Агата, которую призвали в свидетели, нашла очень понятным, что понять ничего нельзя, и ответила:
— Я советую тебе посмотреть как-нибудь ночью на зеркало: оно темное, оно черное, ты вообще почти ничего не видишь. И все-таки это «ничего» есть совершенно явно что-то иное, чем «ничего» остальной темноты. Ты угадываешь стекло, удвоение глубины, какую-то еще оставшуюся способность мерцать — и все-таки ты совершенно ничего не обнаруживаешь!
Ульрих посмеялся над готовностью сестры так сразу и погубить репутацию знания; он отнюдь не считал, что понятия ничего не стоят, и отлично знал, на что они способны, даже когда делал вид, что это не совсем так. Подчеркнуть он хотел неуловимость отдельных ощущений, которые по понятной причине приходится испытывать в одиночку, даже будучи вдвоем. Он повторил:
— Ведь «я» никогда не воспринимает свои впечатления и порождения по отдельности, а всегда в связях, в реальном или выдуманном, сходном или несходном соответствии с другим. Поэтому все, что имеет название, примыкает друг к другу разными сторонами и точками, как звенья больших и необозримых совокупностей, одно опирается на другое и находится под общим с ним напряжением. Но поэтому же, — продолжил он вдруг иначе, — если связи эти по какому-либо поводу перестают действовать и ни одна внутренняя цепь не срабатывает, то опять-таки сразу оказываешься перед неописуемой и бесчеловечной, даже перед ниспровергнутой и превращенной в хаос вселенной!

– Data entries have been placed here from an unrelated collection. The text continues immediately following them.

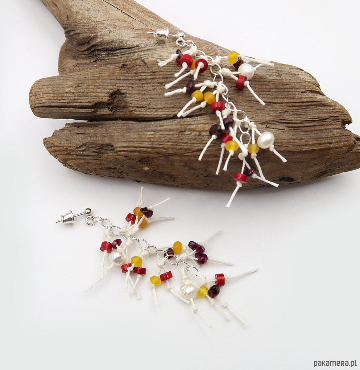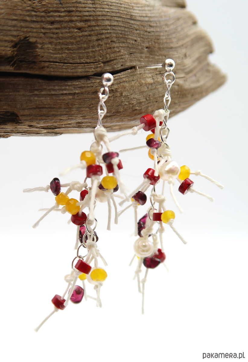 Delikatne kolczyki wykonane na bazie srebrnych łańcuszków oraz białej przędzy lnianej. W kompozycji wykorzystano chalcedon, perły słodkowodne, granat i koralowiec, których naturalne barwy i struktury nadają biżuterii subtelną energię oraz miękki, szlachetny blask.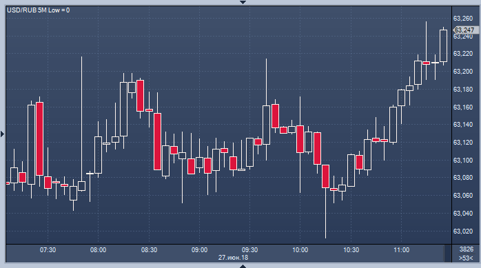 Пара доллар/рубль расчетами “завтра” к 11:15 мск была вблизи 63.21, котировки евро/рубль находятся вблизи 73.61. На рынке нефти баррель Brent набирает 0.7% и оценивается в $76.84, что близко от двухнедельного максимума 76.93, достигнутого чуть ранее. Развивающиеся и сырьевые валюты торгуются без резких колебаний в узких диапазонах с начала дня с преобладанием отрицательной динамики. В фокусе внимания остается тема напряженных отношений Вашингтона и его торговых партнеров, а также саммит ЕС 28-29 июня. Последний важен для российского рынка с точки зрения продления европейский санкций в отношении РФ, а также развитие ситуации с предполагаемой в июле встречей президентов РФ и США.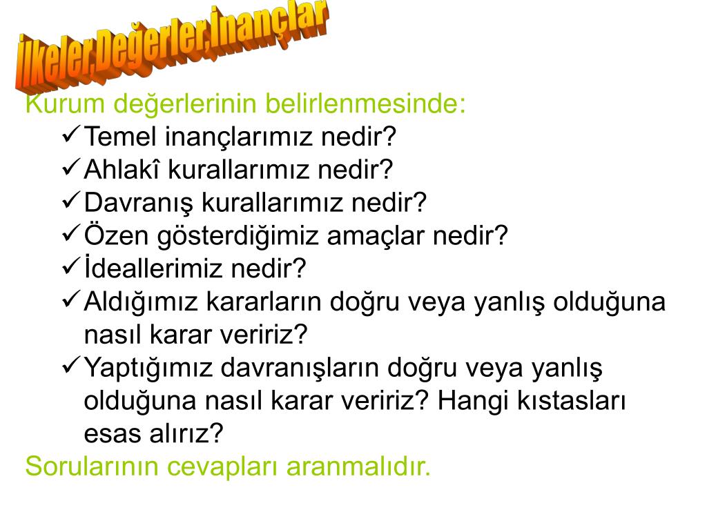İlkeler,Değerler,İnançlar • Kurum değerlerinin belirlenmesinde: • Temel inançlarımız nedir? • Ahlakî kurallarımız nedir? • Davranış kurallarımız nedir? • Özen gösterdiğimiz amaçlar nedir? • İdeallerimiz nedir? • Aldığımız kararların doğru veya yanlış olduğuna nasıl karar veririz? • Yaptığımız davranışların doğru veya yanlış olduğuna nasıl karar veririz? Hangi kıstasları esas alırız? Sorularının cevapları aranmalıdır.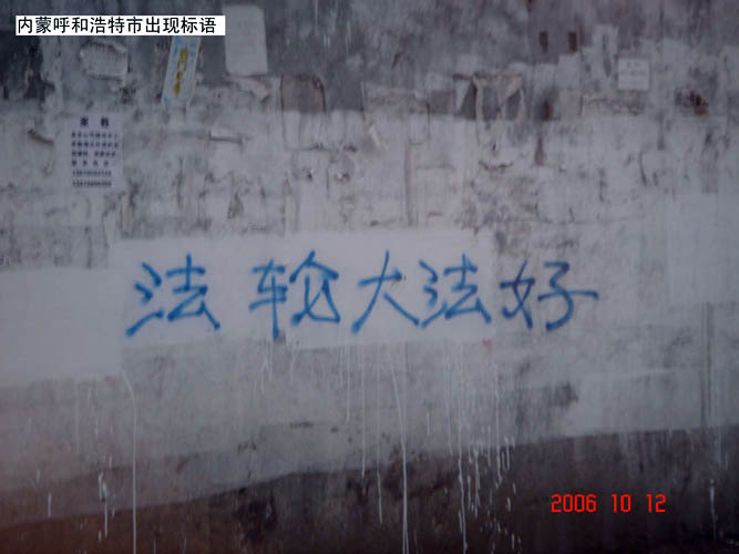 ![]() 内蒙古呼和浩特市的“天灭中共”标语 | ![]() 内蒙古呼和浩特市的“法轮大法好”标语 |

Так возвратились они снова к своей исходной точке, но Агата почувствовала сверх того темную вселенную, бездну мироздания, бога, который должен был ей помочь!
Брат сказал:
— Понимание уступает место неизбывному удивлению, и малейшее впечатление — вот эта травинка или мягкие звуки, когда твои губы вон там произносят какое-нибудь слово, — становится ни с чем не сравнимым, одиноким, как мир, обретает неисчерпаемую эгоистичность и глубоко одурманивает!..
Он умолк, нерешительно покрутил в руке стебелек и обрадованно услыхал, как Агата, с виду столь же беспечно, сколь и поверхностно, восстановила вещественность разговора. Ибо теперь она ответила:
— Если бы было суше, я улеглась бы на траву! Давай уедем! Так хочется полежать на лугу, скромно вернувшись к природе, как выброшенный башмак!
— Но это только и значит быть уволенным от всех чувств, — возразил Ульрих. — А одному богу известно, что бы из нас вышло, если бы чувства тоже не шли косяками, все эти любови, и ненависти, и страдания, и добрые порывы, которые принадлежат как бы каждому в отдельности. Мы, наверно, лишились бы всякой способности действовать и думать, ибо наша душа создана для того, что повторяется, а не для того, что выходит из ряда вон…
Он был угнетен, полагая, что продвинулся в никуда, и, неспокойно нахмурившись, испытующе посмотрел на лицо сестры.
Но лицо Агаты было еще яснее, чем воздух, который ею окружал и играл ее волосами, когда она ответила что-то наизусть:
— «Не знаю, где я, еще ищу себя, хочу узнать об этом, услышать весть. В родник его любви, как в море, я погружен, где ничего не видишь и ничего не осязаешь — одну лишь воду».
— Откуда это? — с любопытством спросил Ульрих и только теперь заметил, что она держит в руках книгу, взятую из его собственной библиотеки.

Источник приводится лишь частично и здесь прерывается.